Chinese electric vehicle makers have been facing tariffs in the U.S., leading them to explore other markets such as Mexico. With China being the leading car supplier to Mexico last year, valued at $4.6 billion, Chinese EVs have gained popularity in the Mexican market due to their affordable price tags. Tesla’s rival, BYD, for instance, sells its Dolphin Mini in Mexico at a price significantly lower than that of a Tesla, making it an attractive option for customers. The aggressive push by Chinese automakers has been successful in the Mexican market, with promises of good products at reasonable prices.

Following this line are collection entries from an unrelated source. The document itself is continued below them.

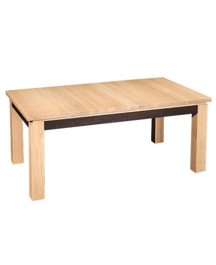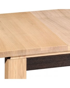 Table rectangulaire en chêne 100% massif avec ouverture synchronisée et 2 allonges de 50 cm
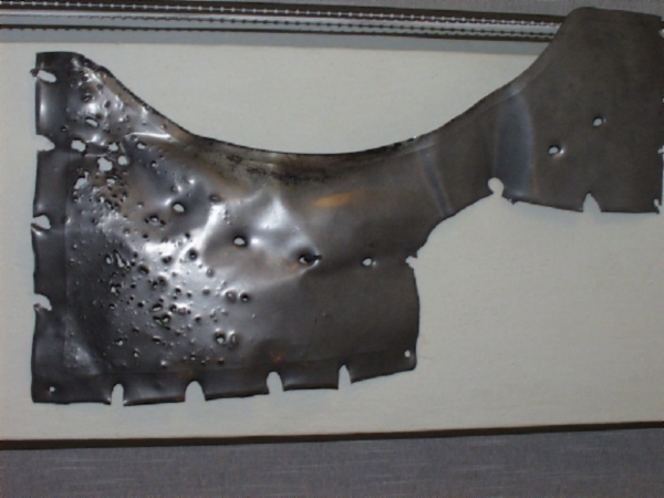 | Global look on area dedicated to the Giles crew. Note the pilot side window frame and the flak west piece over the showcase | Detail of the showcase with various pieces of the personal equipment and instruments | Manifold presure gauge detail | Piece from the tail turret compartment |
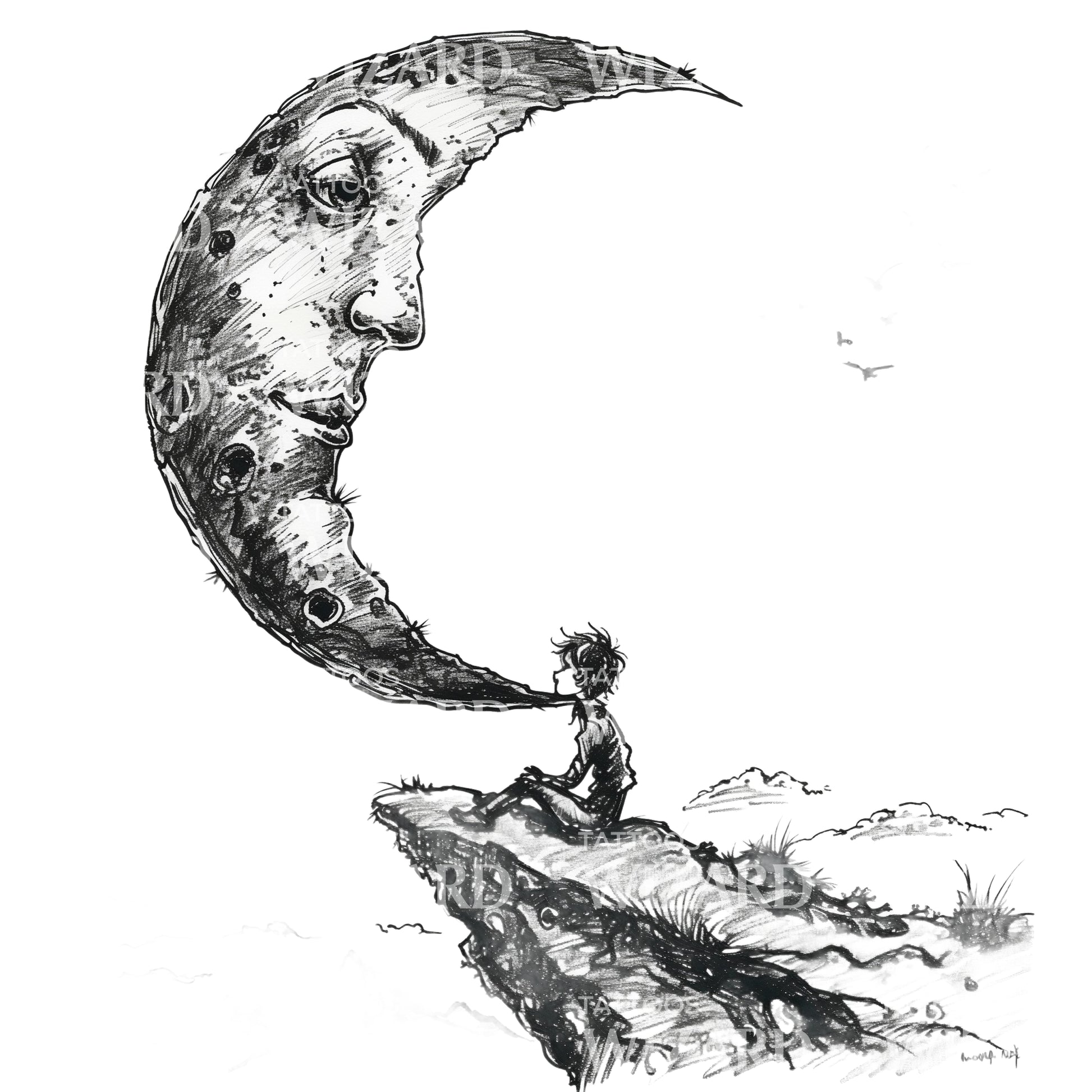 踏入想象的领域,欣赏这款精美的素描纹身设计。设计中描绘了一位年轻男孩与凝视的月亮进行迷人对话,象征着无尽的希望和梦想。这件迷人的作品捕捉了童年奇妙的纯真,完美适合那些心中依然年轻的人。
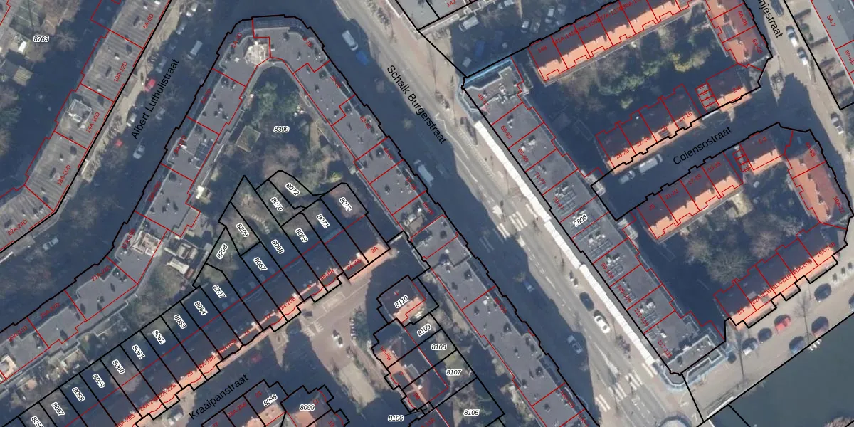 Schalk Burgerstraat 60 is gelegen op kadastraal perceel ASD19W8399. Deze kadastrale aanduiding is uniek en wordt gebruikt door het Kadaster om eigendomsrechten en andere zakelijke rechten vast te leggen. Het perceel maakt onderdeel uit van de kadastrale gemeente Amsterdam.
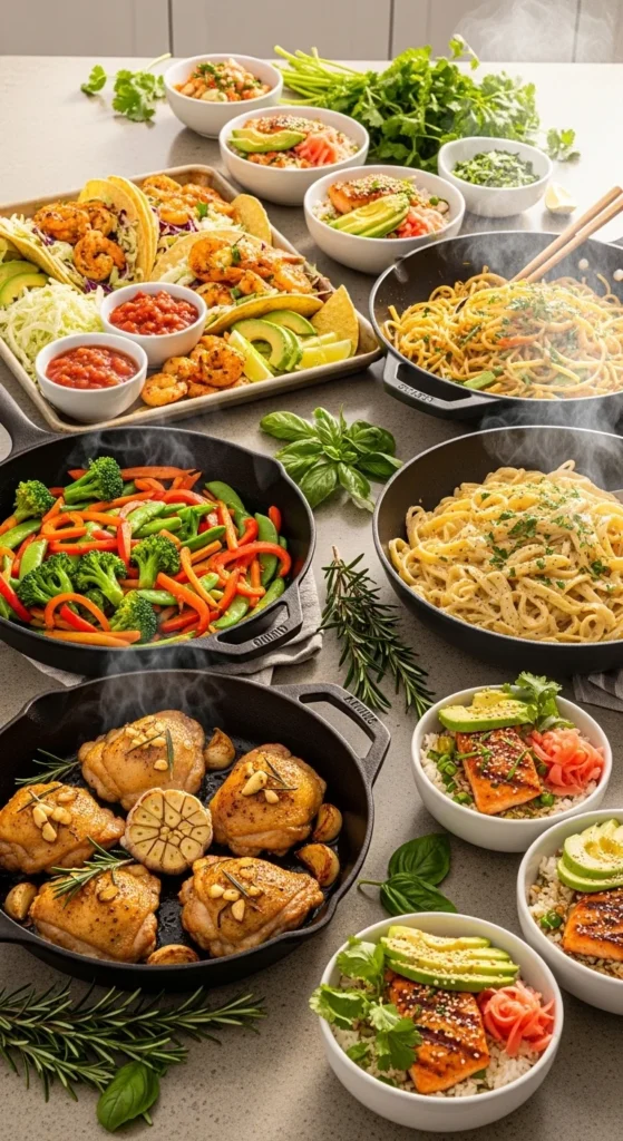 Busy nights call for fast meals that still taste homemade. These 30-minute dinners focus on one-pan cooking, quick skillets, sheet pans, and speedy bowls so you spend less time cleaning and more time eating. Simple ingredients, bold flavors, and family-friendly options make this list perfect for weeknights.
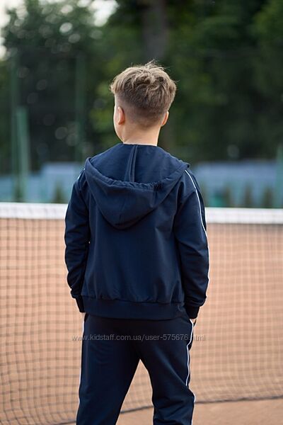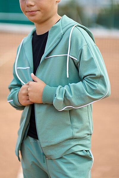 Спортивний костюм на хлопчика з двуниткиХуді з капюшоном на блискавці, є бічні кишені, кофта прямого крою з опущеним плечем, на рукаві стильний кант білого кольору
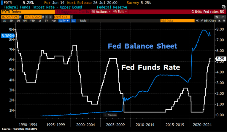 US FED balance sheet vs. FED funds rate, as of June 14th, 2023. Source: Holger Zschaepitz
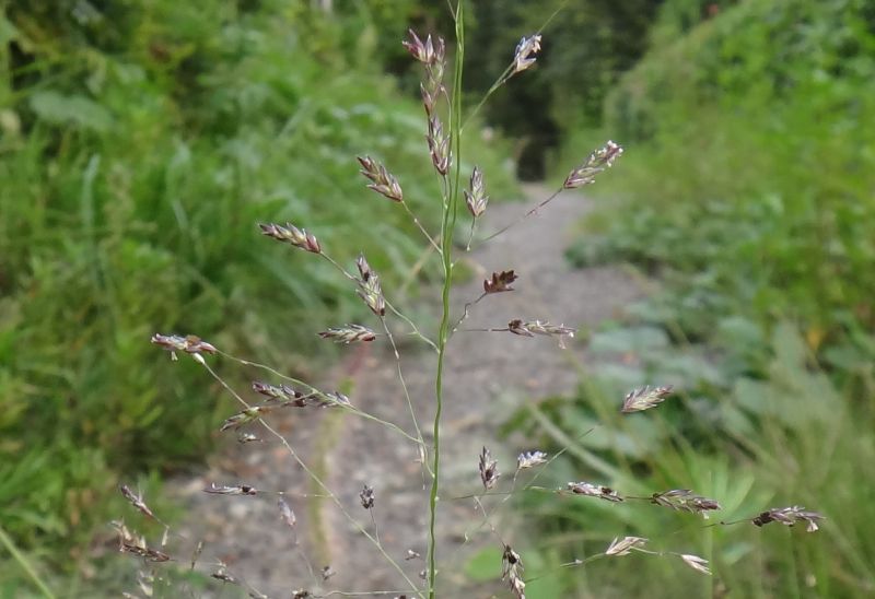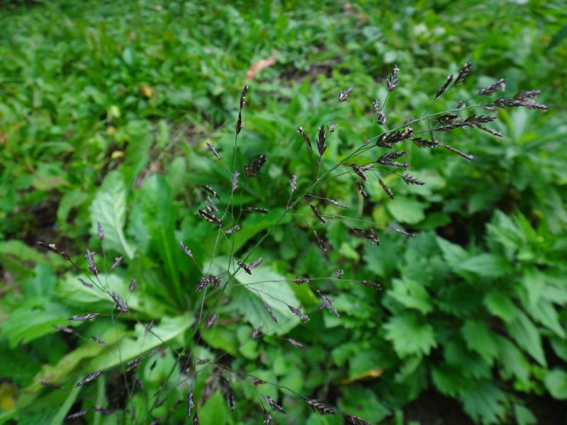 紫色で長さ6〜7ミリの小さい小穂を多数まばらにつける。

However, while Chinese EV makers are trying to further establish themselves in North America by exploring factory sites in Mexico, U.S. officials have raised concerns. They fear that Mexico could be used as a “backdoor” to enter the U.S. market, circumventing trade restrictions. Under the United States-Mexico-Canada Agreement (USMCA), goods manufactured in Mexico can be exported to the U.S. duty-free if local sourcing of building materials is proven. This has raised worries about Chinese automakers exploiting this provision to gain access to the American market.
The potential scenario of Chinese EV makers setting up manufacturing plants in Mexico and exporting their vehicles duty-free to the U.S. poses a significant threat to American automakers. The lower costs of Chinese electric vehicles could make them more competitive in the U.S. market, posing a challenge to local manufacturers. This concern has prompted U.S. lawmakers and auto companies to contemplate the risks posed by Chinese investment in Mexico and the potential impact on the American automotive industry.
Protectionist Measures by the U.S.
President Joe Biden’s announcement of a 100% tariff on Chinese EVs in May reflects the U.S.’s efforts to protect its fledgling electric vehicle industry. The U.S. market for EVs is still in its early stages of development, and measures are being taken to safeguard it from external competition. The imposition of tariffs aims to shield American automakers from the threat of cheaper Chinese EVs flooding the market and disrupting the growth of the domestic electric vehicle industry.
Strategic Positioning of Mexico
Mexico finds itself in a delicate position, balancing its relationship with both the U.S. and Chinese investors. With pressure from the U.S. to prevent Chinese EVs from entering the American market through Mexico, the country must navigate its economic ties carefully. Maintaining a crucial relationship with the U.S. while also being open to foreign investment from China presents a challenging dilemma for Mexico, as it seeks to support its economy while respecting international trade agreements.
The potential influx of Chinese EVs into the U.S. market through Mexico has sparked concerns among U.S. officials and auto companies. The strategic positioning of Chinese automakers in Mexico and the possibility of exploiting trade agreements raise alarm bells for safeguarding the American automotive industry. As protectionist measures are implemented to shield domestic manufacturers, the dynamics of international trade and competition in the EV sector continue to evolve, posing challenges and opportunities for all stakeholders involved.